### DATA FOR REVIEW
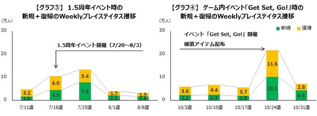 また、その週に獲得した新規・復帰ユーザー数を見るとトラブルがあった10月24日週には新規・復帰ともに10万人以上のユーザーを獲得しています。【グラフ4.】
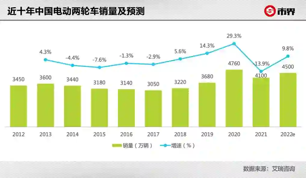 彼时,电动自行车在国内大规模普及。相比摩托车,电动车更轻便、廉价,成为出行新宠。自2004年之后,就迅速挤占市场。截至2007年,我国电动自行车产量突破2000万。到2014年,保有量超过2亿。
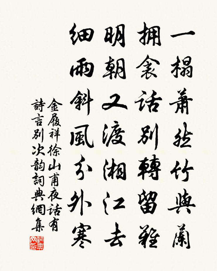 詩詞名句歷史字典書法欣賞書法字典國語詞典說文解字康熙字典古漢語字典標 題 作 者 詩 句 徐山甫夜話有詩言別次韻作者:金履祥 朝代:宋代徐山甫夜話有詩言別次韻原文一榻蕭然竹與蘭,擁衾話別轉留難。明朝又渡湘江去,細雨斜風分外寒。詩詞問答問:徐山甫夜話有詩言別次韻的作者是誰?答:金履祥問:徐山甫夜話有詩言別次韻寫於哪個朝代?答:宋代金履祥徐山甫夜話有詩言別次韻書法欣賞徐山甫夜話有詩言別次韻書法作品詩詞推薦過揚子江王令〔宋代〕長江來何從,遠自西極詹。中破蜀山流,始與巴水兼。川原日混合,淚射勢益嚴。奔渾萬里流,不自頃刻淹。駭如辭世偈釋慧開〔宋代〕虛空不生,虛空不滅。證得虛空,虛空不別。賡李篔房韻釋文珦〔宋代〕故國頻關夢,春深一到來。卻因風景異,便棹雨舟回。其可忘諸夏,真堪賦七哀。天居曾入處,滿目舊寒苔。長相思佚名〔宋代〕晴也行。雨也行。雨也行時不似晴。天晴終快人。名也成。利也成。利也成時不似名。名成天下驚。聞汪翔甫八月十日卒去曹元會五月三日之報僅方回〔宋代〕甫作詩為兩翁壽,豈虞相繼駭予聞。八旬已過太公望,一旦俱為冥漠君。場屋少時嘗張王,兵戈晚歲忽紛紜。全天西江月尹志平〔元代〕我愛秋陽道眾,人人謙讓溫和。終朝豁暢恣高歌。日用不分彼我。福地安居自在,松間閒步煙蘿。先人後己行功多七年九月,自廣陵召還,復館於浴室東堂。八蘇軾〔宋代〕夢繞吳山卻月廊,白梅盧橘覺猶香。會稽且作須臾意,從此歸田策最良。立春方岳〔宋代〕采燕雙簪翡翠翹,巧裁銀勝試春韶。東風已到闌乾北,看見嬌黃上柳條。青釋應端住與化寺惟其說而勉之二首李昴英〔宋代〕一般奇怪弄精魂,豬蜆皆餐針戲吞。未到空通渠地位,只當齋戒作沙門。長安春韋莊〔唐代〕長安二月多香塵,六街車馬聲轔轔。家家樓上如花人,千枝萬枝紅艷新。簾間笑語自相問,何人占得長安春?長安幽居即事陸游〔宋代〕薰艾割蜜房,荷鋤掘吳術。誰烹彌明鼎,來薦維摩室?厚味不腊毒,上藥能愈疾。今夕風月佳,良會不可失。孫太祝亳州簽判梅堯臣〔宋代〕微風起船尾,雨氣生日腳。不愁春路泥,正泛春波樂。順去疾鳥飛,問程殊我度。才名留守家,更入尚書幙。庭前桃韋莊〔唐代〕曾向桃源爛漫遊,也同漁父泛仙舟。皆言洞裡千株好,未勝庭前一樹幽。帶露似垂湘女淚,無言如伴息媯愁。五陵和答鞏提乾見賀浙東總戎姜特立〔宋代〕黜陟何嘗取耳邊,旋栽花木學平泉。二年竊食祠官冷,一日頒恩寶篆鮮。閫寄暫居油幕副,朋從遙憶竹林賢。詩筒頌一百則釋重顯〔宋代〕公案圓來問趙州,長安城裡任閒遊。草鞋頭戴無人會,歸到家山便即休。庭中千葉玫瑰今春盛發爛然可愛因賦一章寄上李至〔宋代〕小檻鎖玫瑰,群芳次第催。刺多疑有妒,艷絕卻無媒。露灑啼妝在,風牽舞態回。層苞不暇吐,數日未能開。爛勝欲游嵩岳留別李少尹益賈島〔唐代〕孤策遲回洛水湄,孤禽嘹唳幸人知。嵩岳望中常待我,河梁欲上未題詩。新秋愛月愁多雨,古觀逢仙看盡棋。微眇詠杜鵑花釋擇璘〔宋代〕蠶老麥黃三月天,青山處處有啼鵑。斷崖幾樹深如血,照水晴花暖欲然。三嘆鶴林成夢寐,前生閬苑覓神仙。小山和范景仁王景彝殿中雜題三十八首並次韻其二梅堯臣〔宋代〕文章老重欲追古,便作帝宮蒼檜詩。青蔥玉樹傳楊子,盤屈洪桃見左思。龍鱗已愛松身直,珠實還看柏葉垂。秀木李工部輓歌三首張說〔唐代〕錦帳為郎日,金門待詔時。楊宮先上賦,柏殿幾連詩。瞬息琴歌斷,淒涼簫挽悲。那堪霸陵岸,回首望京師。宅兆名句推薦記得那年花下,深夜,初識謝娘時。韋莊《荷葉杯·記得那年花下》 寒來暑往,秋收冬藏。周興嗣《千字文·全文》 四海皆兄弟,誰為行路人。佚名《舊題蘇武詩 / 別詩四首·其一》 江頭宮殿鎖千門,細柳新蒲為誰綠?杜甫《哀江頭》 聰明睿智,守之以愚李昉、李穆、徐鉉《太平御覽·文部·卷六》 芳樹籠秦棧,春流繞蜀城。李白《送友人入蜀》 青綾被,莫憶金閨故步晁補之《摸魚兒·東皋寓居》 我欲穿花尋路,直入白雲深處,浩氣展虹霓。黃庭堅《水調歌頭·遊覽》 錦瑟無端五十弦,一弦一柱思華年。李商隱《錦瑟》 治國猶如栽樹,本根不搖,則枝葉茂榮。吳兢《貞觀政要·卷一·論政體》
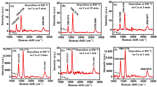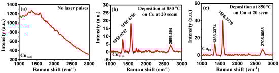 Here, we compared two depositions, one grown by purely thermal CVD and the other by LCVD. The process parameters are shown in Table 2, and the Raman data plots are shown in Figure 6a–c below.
---
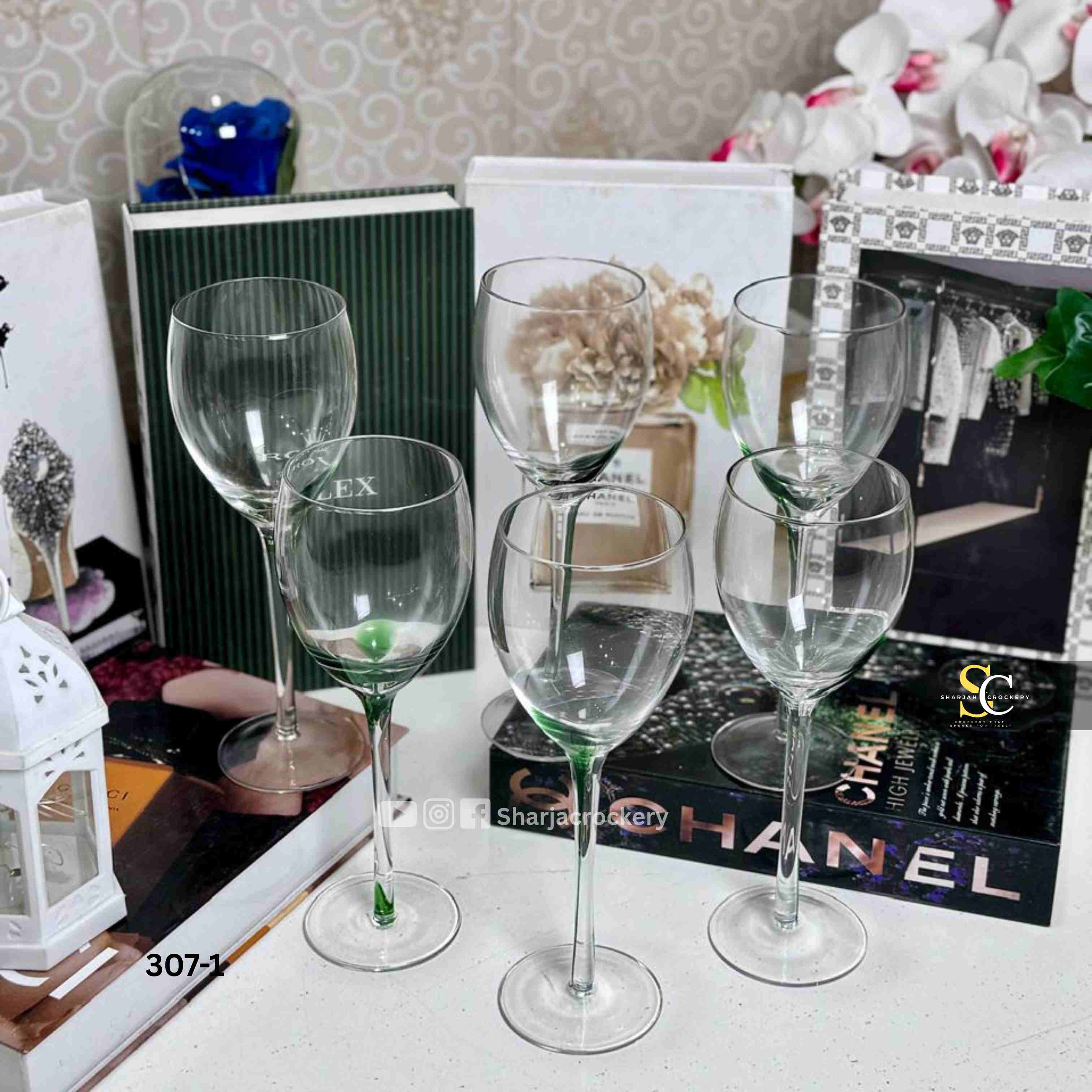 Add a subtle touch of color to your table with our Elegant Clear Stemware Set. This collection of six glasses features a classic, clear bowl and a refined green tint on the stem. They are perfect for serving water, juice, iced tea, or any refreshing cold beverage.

### WORK REQUEST
The answer must be the lines above from the one containing "また、その週に獲得した新規・" through the one containing "彼时,电动自行车在国内大规模", reproduced exactly, with no pictures and nothing else.

### RESPONSE AREA
 また、その週に獲得した新規・復帰ユーザー数を見るとトラブルがあった10月24日週には新規・復帰ともに10万人以上のユーザーを獲得しています。【グラフ4.】
 彼时,电动自行车在国内大规模普及。相比摩托车,电动车更轻便、廉价,成为出行新宠。自2004年之后,就迅速挤占市场。截至2007年,我国电动自行车产量突破2000万。到2014年,保有量超过2亿。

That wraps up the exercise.